The following Sunday, we gathered for church to celebrate 6 wonderful years since we first opened NV. Just 6 days after they had come to NV, the 3 were already laughing and enjoying a celebration video that included photos of all 76 children now living in their family. I marveled as Lloyd ran past me with his new playmates towards the basketball court after church, a genuine smile of glee plastered across his face. Glancing up at the mountains as I have countless times before, I breathed in, renewed with a certainty that I am at home here.
Meanwhile astronauts still orbit, enthralled by the giant rift crossing their distant, seemingly peaceful planet, and amazed that they can see such detail from tiny windows. Safari planes crisscross the Maasai Mara, as awed tourists take in the sights of giraffe, elephants and migrating herds of wildebeest, feeling they have somehow escaped civilization for a bit to get a glimpse behind some proverbial curtain. Thousands more trickle down that winding escarpment road daily, their perspective trailing off from from the scenic until they touch down on the floor of the rift itself, some encountering scenes of stifling poverty for the first time. Others rocket along the ridge above, oblivious to what they are really passing. And beyond where the rubber meets the road, millions in towns like Maai Mahiu and Gichiengo see life through lenses chronically narrowed and dulled by the effects of desperate lack. No matter the perspective of others, this is the way things really appear at ground level when sin and suffering have an unrestrained stranglehold on life.
Yet God sits enthroned, beyond time and space, all knowing, doing as He pleases. I imagine His calm, and question whether He participates actively in, steers gently, or simply allows each stanza in the symphony of beauty and affliction playing out on tiny Earth. Does He pay particular attention to the broken towns rimming that jagged scar marking her lower hemisphere? From His divine viewpoint, I wonder if they appear like periodically brightening jewels of redemption on a necklace, reminders of His grace to save, visible during each turn of the struggling ball?
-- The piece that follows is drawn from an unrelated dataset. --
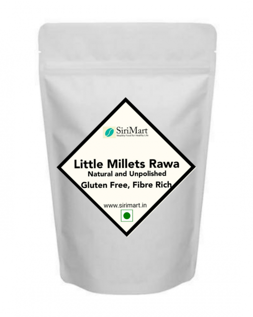 Sirimart Little Millet Rava is of a superior quality and rava is made from 100% organic whole millet. Millets are harvested organically without using any pesticides. Millets are group of nutritious cereals, least allergenic and slowly digestible. Millets are rich in phytochemicals which lower cholesterol, reduce the risk of cancer and other diseases. Rich source of proteins & adequate fats. Ideal for controlling blood sugar, helps in metabolism rate, high in antioxidants.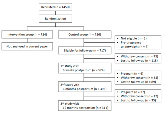 Details on the sample size calculation of the INTER-ACT study are described in the study protocol [28]. In the larger RCT, 1450 participants were recruited, of which 724 were randomized into the intervention group and 726 into the control group. Randomization was performed by the electronic Case Report Form (eCRF) system. Blinding could not be applied due to the nature of the RCT. For the current analyses, only the control group participants were selected. They received usual care only. Two participants were removed because they did not meet eligibility criteria. Seven participants had an underweight pre-pregnancy BMI and were excluded from the analyses. This resulted in 717 participants who were eligible for the current analyses. The first study visit (six weeks postpartum) was completed by 524 control group participants; 386 completed the second study visit (six months postpartum); 311 completed the third study visit (12 months postpartum) (Figure 1).

It makes my heart swell at the thought of a smile cracking open the corner of His mouth before filling His unimaginably magnificent face, as Janet’s bright and brief sparkle reached his divine eyes and then faded on January 16, 2017.
Will there come a day when the children of our children are the fathers Kenya needs, and the ripples carried forth have become a wave of unstoppable cultural change? Could there really be generations of rural women who eventually live without crippling desperation and fear, able to truly choose wisely for themselves and their precious babies? Is it reasonable to imagine a decline in the number of abandoned, orphaned, hopeless, and abused children across Africa over the coming decades? I cannot say how it all turns out. I only know that I want to carry on joyfully laboring near this jewel along that ever-reminding scar, while leaving the unanswerable to Him, until the day when it is time for my sparkle to flicker out as well.